Eat Fat have more energy and Be Healthy ! - Lee Clark
Healthy and fat, not two words you normally put together, but that doesn’t have to be the case.
So what is the best food to eat for weight loss? Do we all need to cut out fat from our diet and see a personal trainer? Or is there a better more sustainable way?
Most people know that we should be cutting down on fat. But did you know it’s even more important to try to replace the saturated fat we eat with unsaturated fat?
There are four kinds of fats: monounsaturated fat, polyunsaturated fat, saturated fat, and trans fat. Monounsaturated fat and polyunsaturated fat are the “good” fats. It is generally accepted that consumption of saturated fat should be kept low, especially for adults. Trans fat (which means trans fatty acids) is the worst kind of fat, far worse than saturated fat and should be avoided.
Partial hydrogenation is an industrial process used to make a perfectly good oil, such as soybean oil, into a perfectly bad oil. The process is used to make an oil more solid; provide longer shelf-life in baked products; provide longer fry-life for cooking oils, and provide a certain kind of texture or “mouthfeel.” The big problem is that partially hydrogenated oil is laden with lethal trans fat.

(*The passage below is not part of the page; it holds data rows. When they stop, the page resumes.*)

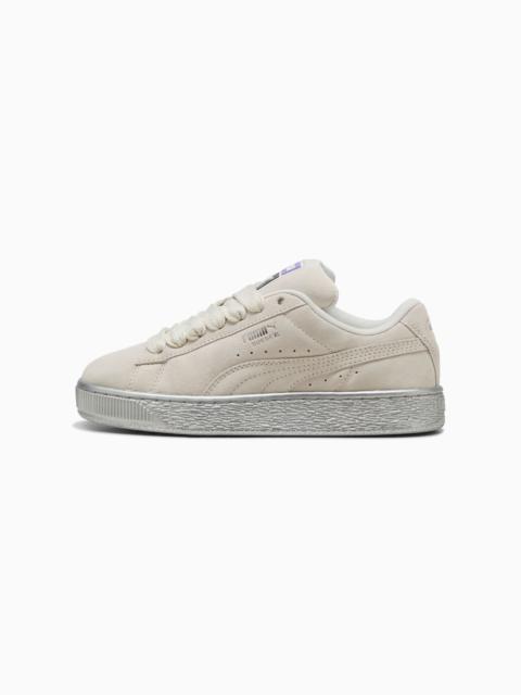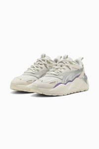 PRODUCT STORY RS-X is back. This future-retro silhouette made waves when it dropped in 2018, celebrated for its disruptive design, fresh material mixes, and bold colors. Today, RS-X returns for a new generation of consumers who live to express their individuality. This version with its metallic leather PUMA Formstrip with debossed lines will turn heads is you strut down the street. FEATURES & BENEFITS - The upper of the shoes is made with at least 20% recycled materials. DETAILS - Style: 401595_01 - Color: Vapor Gray-PUMA Silver - Synthetic and textile upper - Textile insole - Lace closure - Synthetic outsole - PUMA branding details MATERIAL INFORMATION - Midsole: 100% Synthetic - Sockliner: 100% Textile - Outsole: 100% Rubber - Upper: 44% Leather - cow, 30% Textile, 25% Reconstituted Leather, 1% Synthetic - Lining: 100% Textile
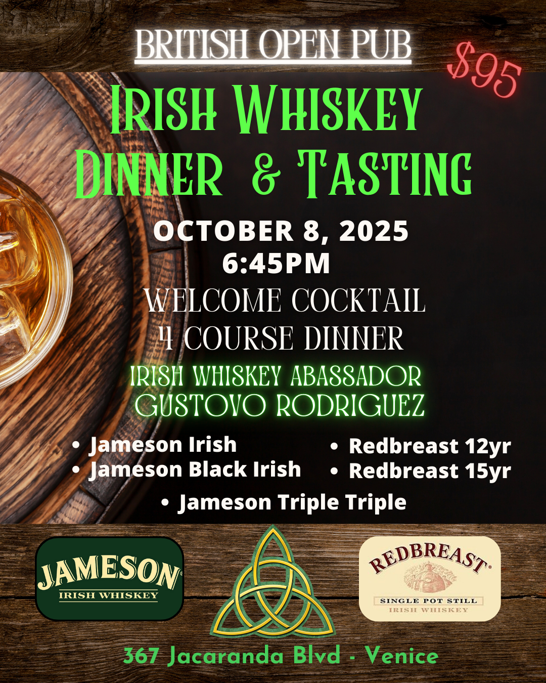 Join us on Wednesday October 8th for Irish Whiskey Dinner & Tasting featuring; Jameson Irish Whiskey, Jameson Black Irish Whiskey, Jameson Triple Triple, Redbreast 12 yr and Redbreast 15yr.
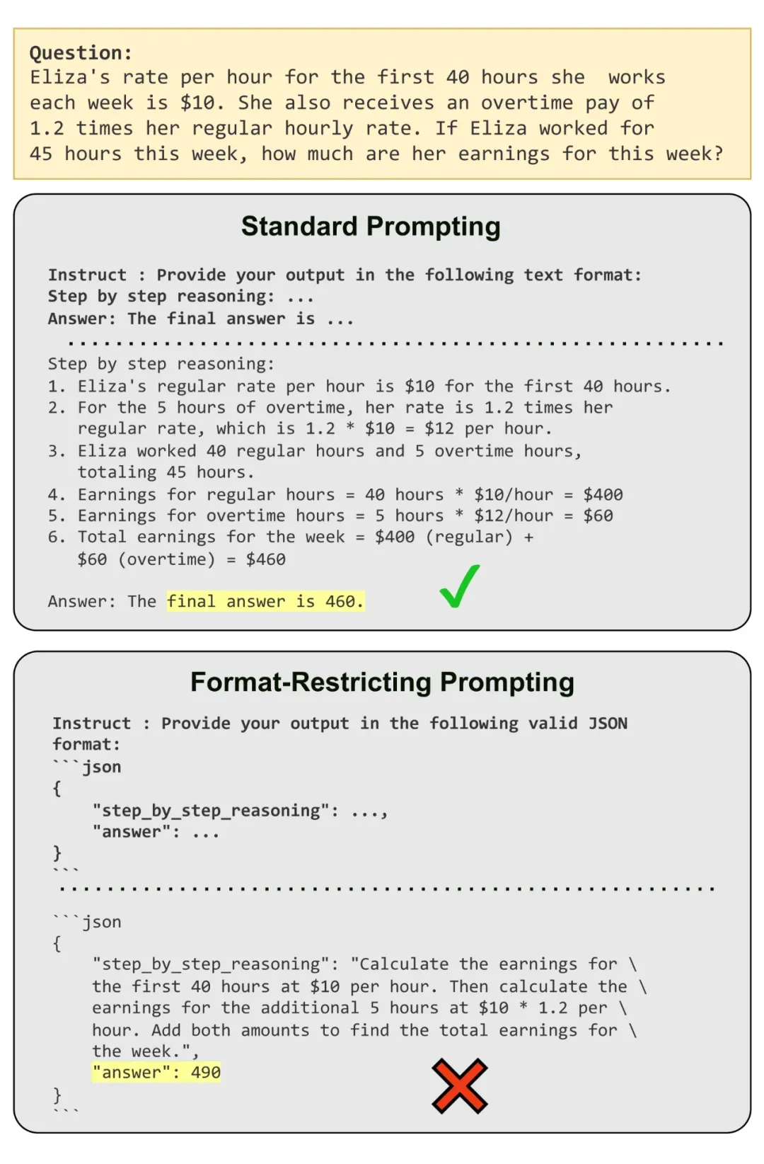 - Let Me Speak Freely? A Study on the Impact of Format Restrictions on Performance of Large Language Models:https://arxiv.org/abs/2408.02442
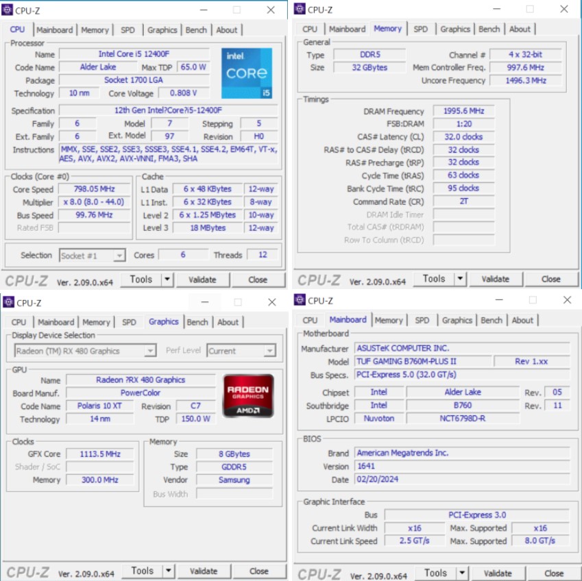 윈도우 진입후 CPU-Z로 장착된 제품 확인이 가능했어요.

Saturated and Unsaturated Fats.
Saturated fat is generally solid at room temperature and is usually from animal sources. It’s found in lard, butter, hard margarine, cheese, whole milk and anything that contains these ingredients, such as cakes, chocolate, biscuits, pies and pastries. It’s also the white fat you can see on red meat and underneath poultry skin.
How much saturated fat you eat is associated with increased blood cholesterol concentrations and an increased risk of heart disease. Eating less helps to minimise the risks it poses to heart health.

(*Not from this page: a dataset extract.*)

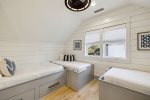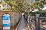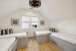 Moving up to the third floor, a third living room with a wet bar provides even more space to spread out, and the final three bedrooms are also on this floor. The first is a King bedroom that shares a hallway bathroom with dual vanities and a glass shower. The second bedroom, featuring four built-in Full beds and a private balcony with Gulf views, also shares this hallway bathroom. The last room has three Twin beds + one Full bed, and an en-suite bathroom with dual vanities and a glass shower.
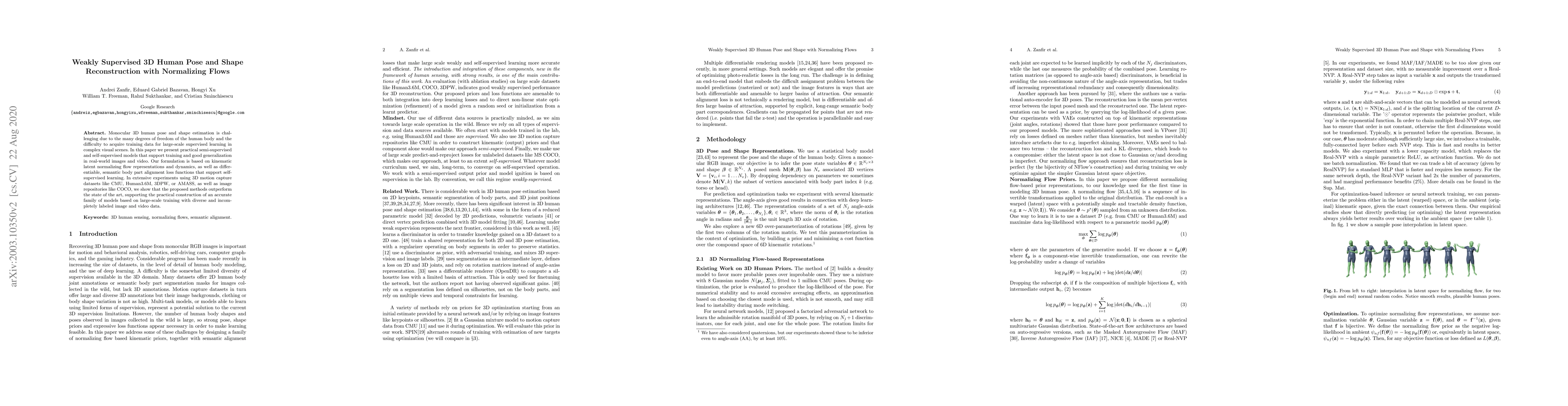 This paper introduces semi-supervised and self-supervised models for monocular 3D human pose and shape reconstruction using normalizing flows. It leverages kinematic latent representations and differentiable semantic body part alignment losses, achieving state-of-the-art results on various datasets, demonstrating effective training with large-scale, partially labeled data.

Unsaturated fat is usually liquid at room temperature and generally comes from vegetable sources. Monounsaturated and polyunsaturated fats are both included in this group.

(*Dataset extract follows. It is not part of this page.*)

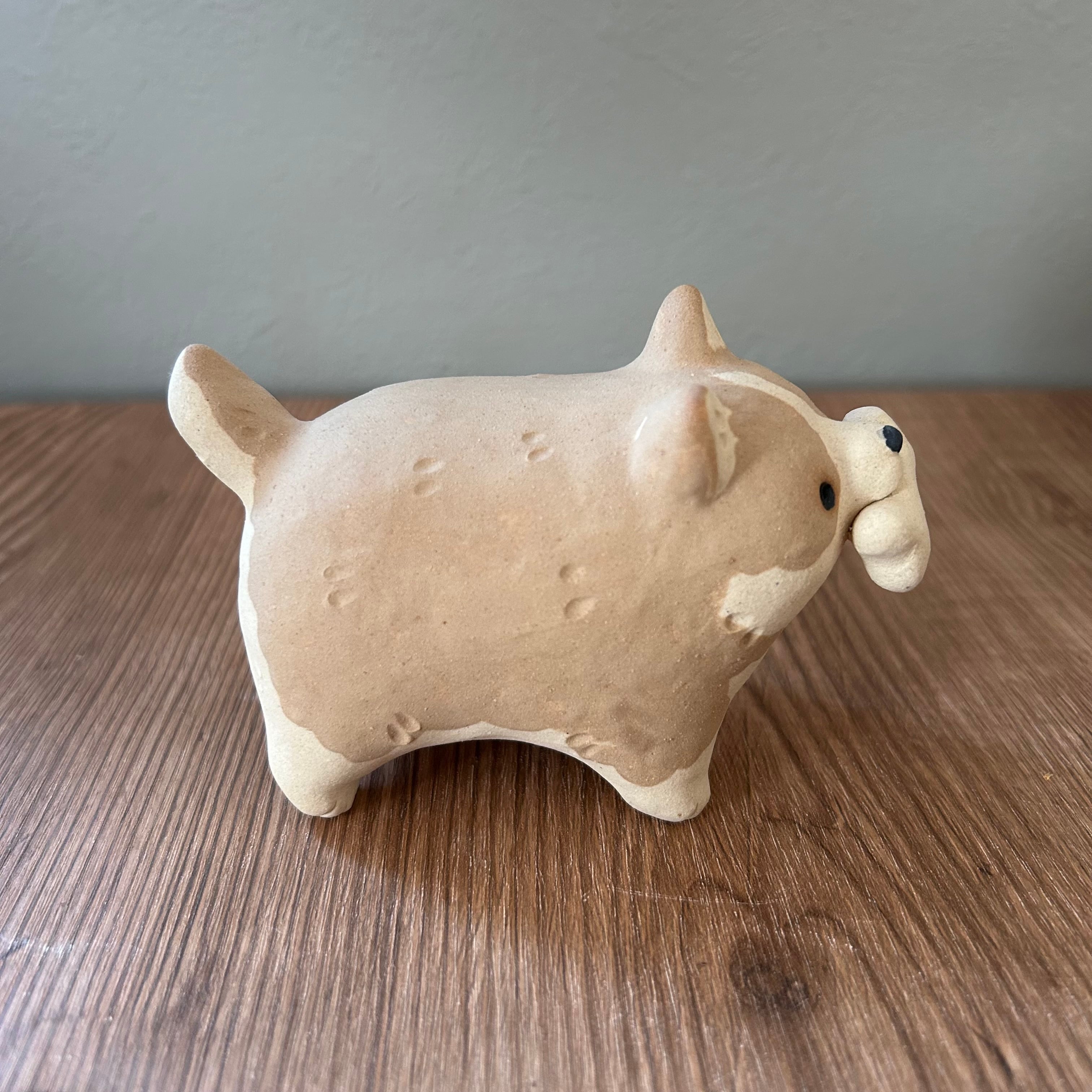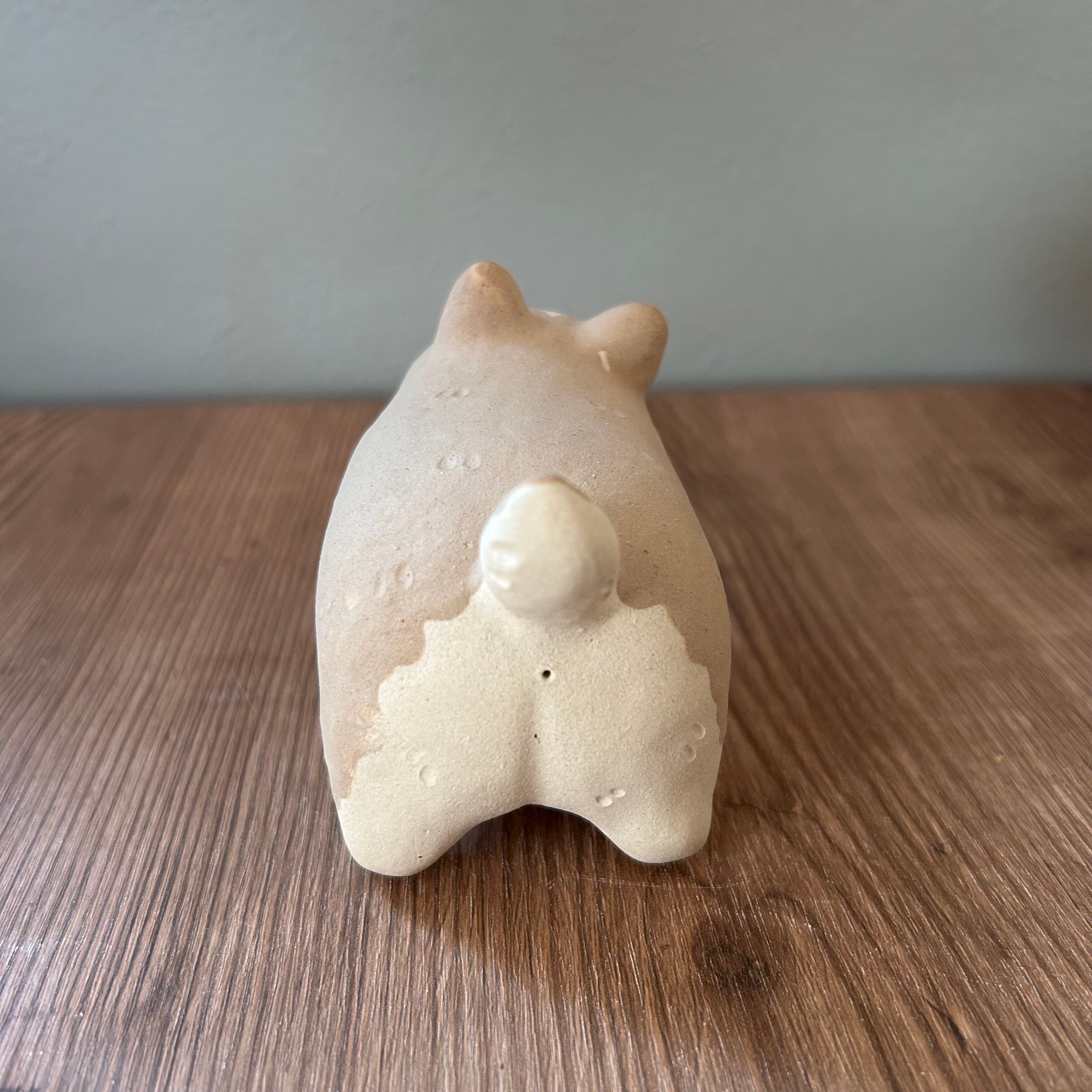 粘土の絶妙な質感とぽってりフォルムが特徴の置物は、どこに置いても可愛さを損ねません。

Unsaturated vegetable oils are a healthier alternative to saturated fat and can be found in sesame, sunflower, soya and olive oil, soft margarine and in foods such as oily fish, including mackerel, sardines, pilchards and salmon. Where possible, you should ensure the fat you eat is unsaturated.
Practical ways to cut down on saturated at and hydrogenated vegetable oil
- Cut down on foods high in these types of fat such as meat pies, butter, cakes and processed food.
- Choose lean cuts of meat and always trim off any fat.
- Try boiling, steaming, grilling or poaching rather than frying or roasting.
- Try dry roasting which is frying with no oil.
- Eat more vegetables
Healthy Sources of Fats Include:
· oily fish
· avocados
· nuts and seeds
· sunflower, rapeseed and olive oil and spreads
· vegetable oils
Healthy unsaturated fats contain fatty acids that are vital for heart health, alertness and can be useful for lowering blood pressure.
Healthy eating, body function and weight loss is not just about low fat low calorie diets. In fact healthy unsaturated fats are crucial for health and optimal function, helping with weight loss. The key is not to look for low fat products but look for products that naturally contain healthy unsaturated fats and do not contain unhealthy, saturated or trans fats.
Healthy eating is about what IS IN the food, not WHAT ISN’T!